Ms Clinton was off the campaign trail Tuesday, preparing for her final debate with Mr Trump on Wednesday, so it fell to Mr Obama to rebut the Republican’s assertions.

There is no evidence, he said, that a presidential election has ever been rigged. He said there was little indication that it could be, given that elections are run by state and local authorities, with people from both parties supervising polling sites and ballot counting.

“The notion that somehow if Trump loses Florida, it is because of those people that you have to watch out for,” he said. “That is both irresponsible, and by the way, doesn’t really show the kind of leadership and toughness that you want out of a president.”

“If you start whining before the game’s even over,” he said, “if whenever things are going badly for you and you lose, you start blaming somebody else, then you don’t have what it takes to be in this job because there are times when things don’t go ‘our way’ or ‘my way’”.

Asked about Mr Trump's statement that, if elected, he would meet with Russian president Vladimir Putin of before taking office, Mr Obama said: "I'm going to be a little more subdued in my discussions of the Republican nominee in this context than I might be on the campaign trail.

“Mr Trump rarely surprises me anymore.”

He said he was more surprised that other Republican leaders, who had stridently opposed his efforts to reach out to Russia early in his presidency, would now endorse a candidate who he said was unprecedented in his "flattery of Mr Putin."

When the subject returned to Mr Trump and the issue of voter fraud, the president said: “I’d invite Mr Trump to stop whining and go try to make his case to get votes.”

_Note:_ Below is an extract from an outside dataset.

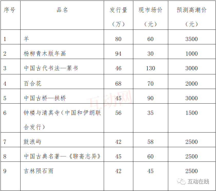 将来,03年小版张邮票系列具有长期走牛的品牌效应;发行初期先是打折,后来渐渐显露出的品牌效应,必将成为邮票的一面大旗,必将长期地、持续走牛。其瓶颈效应,24个品种的发行量在40万版至100万版之间,构成了中华人民共和国邮票超低量小版张邮票版块系列。只有03年小版张邮票系列的大幅上升,才能推动编年邮票板块的上涨。2006年一名资深集邮人士曾给出03小版张邮票系列未来价格预测,有部分邮品大潮的时候的价格已超过。根据现在邮市的发展我再来做个预测(附后)。

If Mr Trump won, the president said, Ms Clinton would deliver a concession speech and he would escort Mr Trump to the Capitol for the time-honoured ritual of a peaceful transfer of power.

“That’s what Americans do,” he said. “That’s why America is already great. One way of weakening America, making it less great, is if you start betraying those basic American traditions that have been bipartisan, and have helped hold together this democracy now for well over two centuries.”